In a biography of the conductor Otto Klemperer, who met the writer in 1911 at Dr Kohnstamm's sanatorium, Eva Weissweiler writes:He [...] meets a strange Mecklenburg nobleman, Gerdt von Bassewitz-Hohenluckow, once a lieutenant in the Prussian Landwehr who, to the horror of his clan, has turned to literature. In Königstein he writes a fairy tale for two of the four Kohnstamm children, Peter and Anneliese, aged three and eleven, which he titles Peterchens Mondfahrt.Bassewitz was buried at the Nikolassee Evangelical Cemetery in Berlin; his grave was levelled in 1957.

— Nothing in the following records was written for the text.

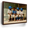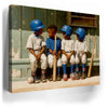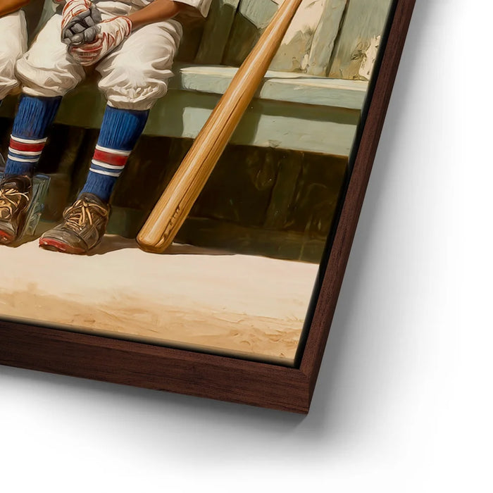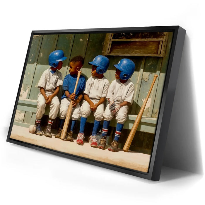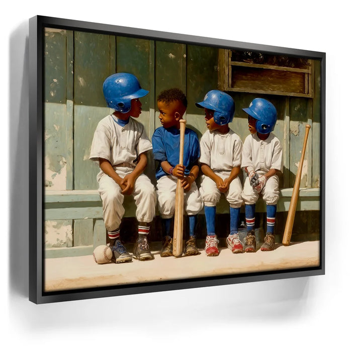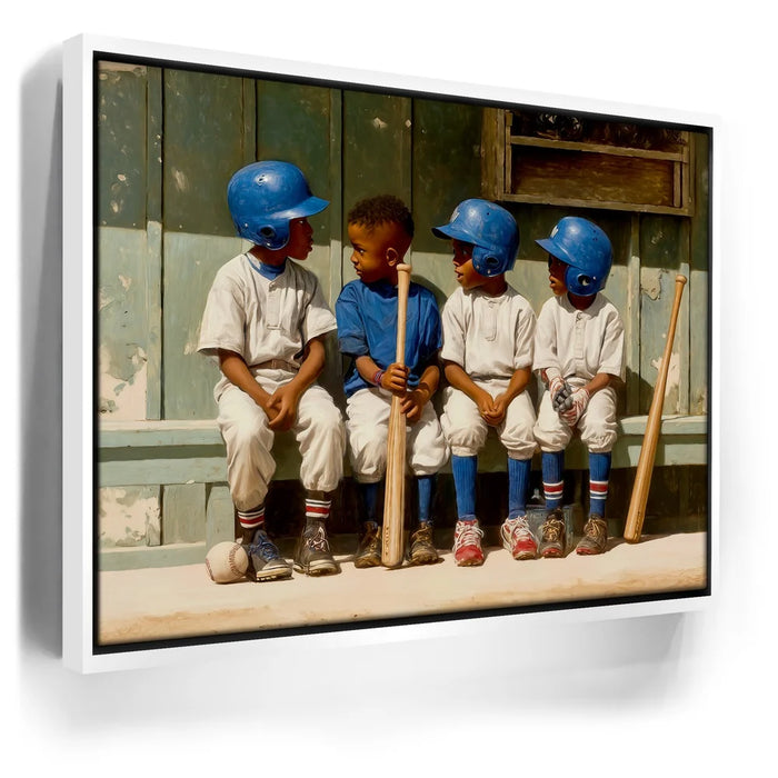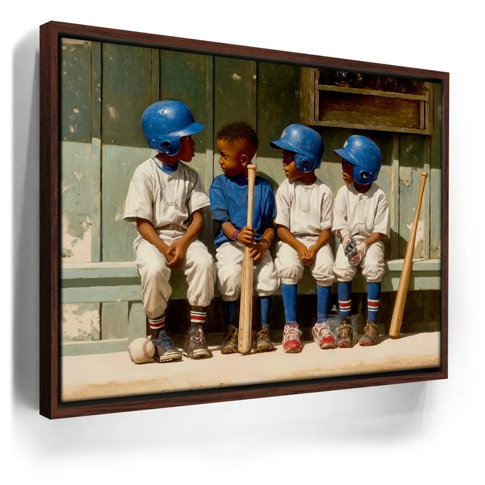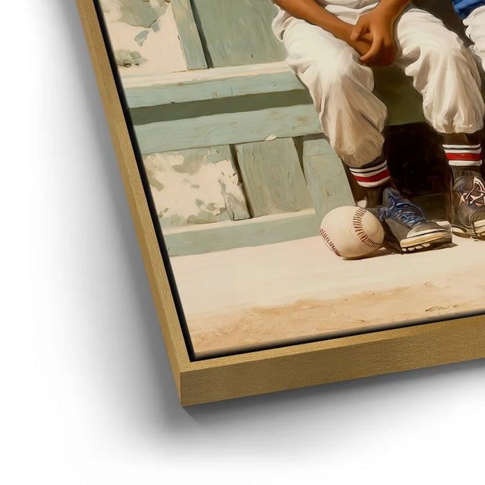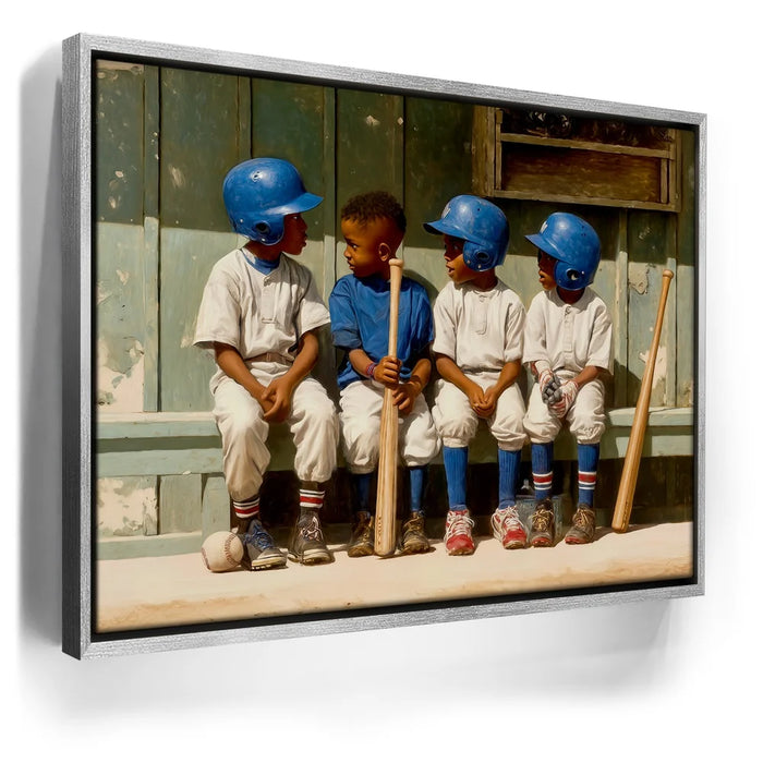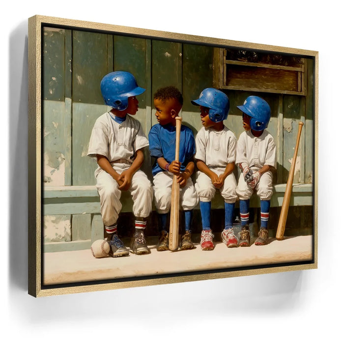 “Dugout Code” by Kandise King captures the heart of childhood sports: friendship, teamwork, and those unspoken moments that build the love of the game. Four young players sit shoulder to shoulder on a worn wooden bench, helmets shining, bats at their sides, sharing a quiet exchange that feels both innocent and important. The dusty uniforms, sunlit field, and nostalgic textures create a warm, timeless atmosphere.
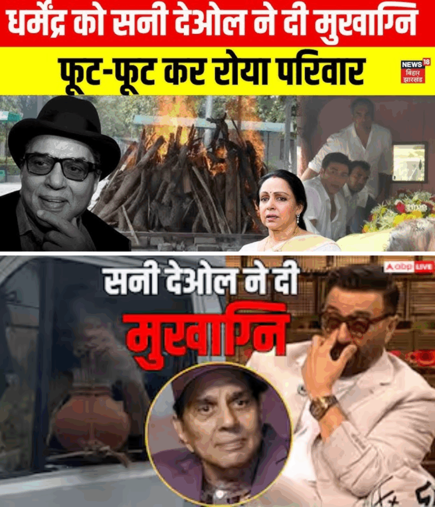 Bollywood icon Dharmendra has merged with the five elements, marking the end of an era in Indian cinema. His passing has sent waves of grief throughout the industry and the entire nation. The last rites were performed by his eldest son, Sunny Deol, who lit the funeral pyre in a simple ceremony attended by close family members and industry stalwarts.
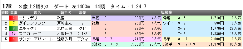 2着に狙った最終3番人気の7番ダイシンリンクで的中。
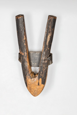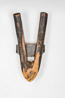geschnitze Holzgabel mit flacher Metallklinge durchzogen, dunkelbraun gefasst

== Contemporary accounts ==
Peter Kohnstamm later recalled the writer: "… he was in uniform, a tall, handsome man who reminded me of the singer (Herr Brinkmann) who sang Count Almaviva at the Frankfurt Opera during my schooldays. That is all I know...".

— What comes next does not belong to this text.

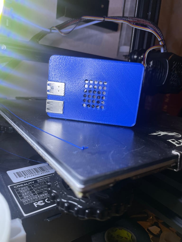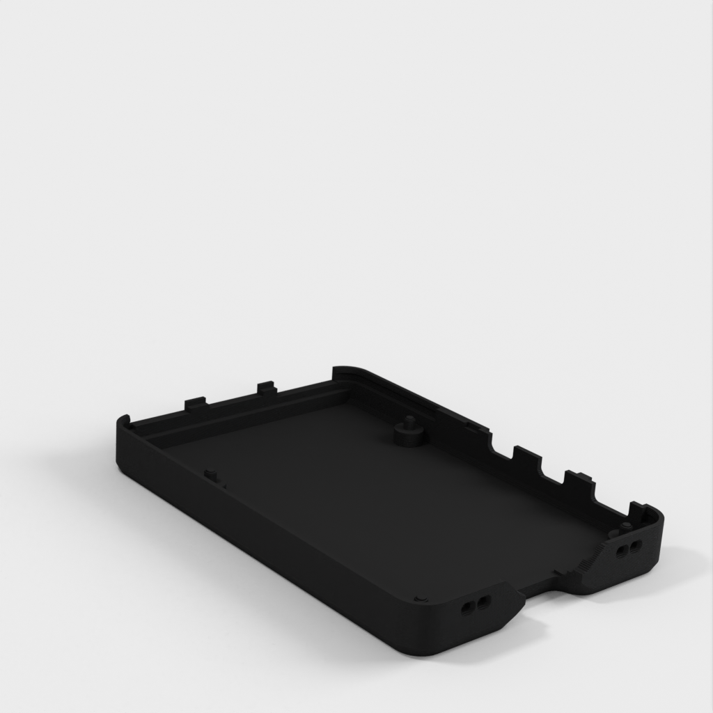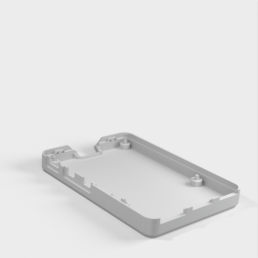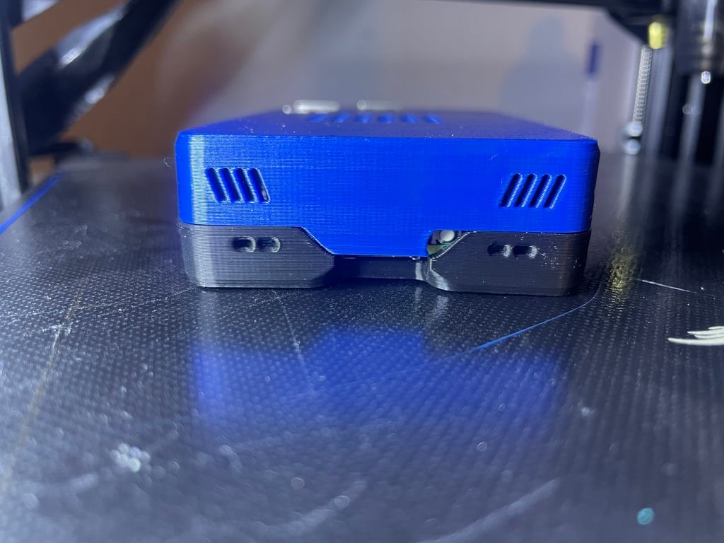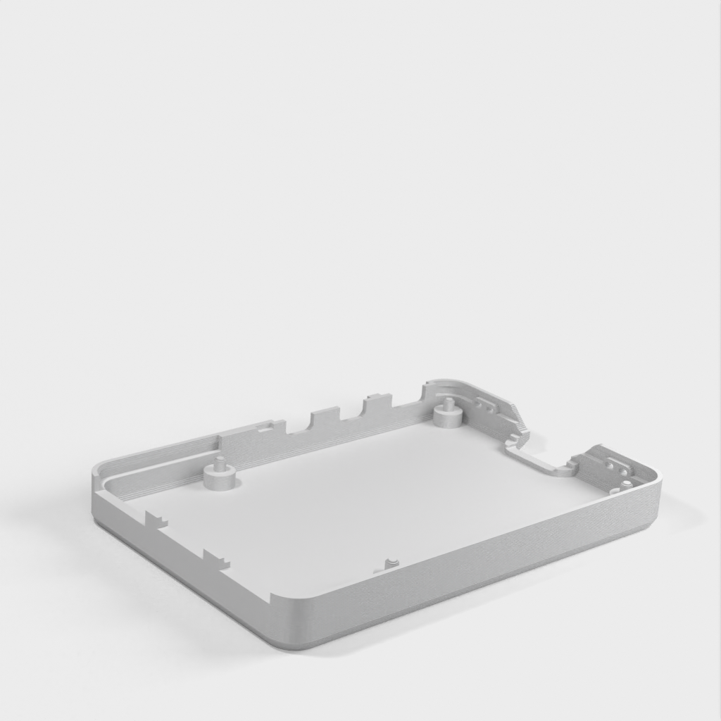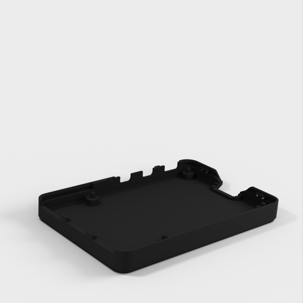 Custodia semplice per il Raspberry Pi 5 del 2023. Le modifiche includono il riposizionamento dei connettori USB e LAN, la rimozione del jack per le cuffie e l'aggiunta di una piccola apertura per il pulsante di reset. Sono stati aggiunti dei fori di ventilazione per adattarsi al radiatore originale.

Franz Kafka described Bassewitz on 29 June 1912 in Leipzig: "… author of Judas, tall, nervous, dry face, movement in the hips, well-trained strong body. [...] All three [Bassewitz, Walter Hasenclever and Ernst Rowohlt] wave canes and arms."

== Works ==
List compiled by the author himself:

- Worte zu dir. Nature-philosophical essays. Eugen Diederichs, Jena 1907.
- Schahrazade. Play in three acts. Ernst Rowohlt, Leipzig 1911.
- Schahrazade. Opera in three acts, libretto by Gerdt von Bassewitz, music by Bernhard Sekles. Drei Masken Verlag, Berlin/Munich 1917.
- Judas. Tragedy in four acts. Ernst Rowohlt, Leipzig 1911.
- Peterchens Mondfahrt. Fairy-tale play in four scenes. Ernst Rowohlt, Leipzig 1912.
- Peterchens Mondfahrt. Fairy-tale picture book. Verlagsanstalt für Literatur und Kunst Hermann Klemm, Berlin-Grunewald 1916.
- Pips der Pilz. Fairy-tale play in five scenes for big and little people. Kurt Wolff Verlag, Leipzig 1916.
- Die Sunamitin. Drama in one prologue and three acts. Ernst Rowohlt, Leipzig 1912.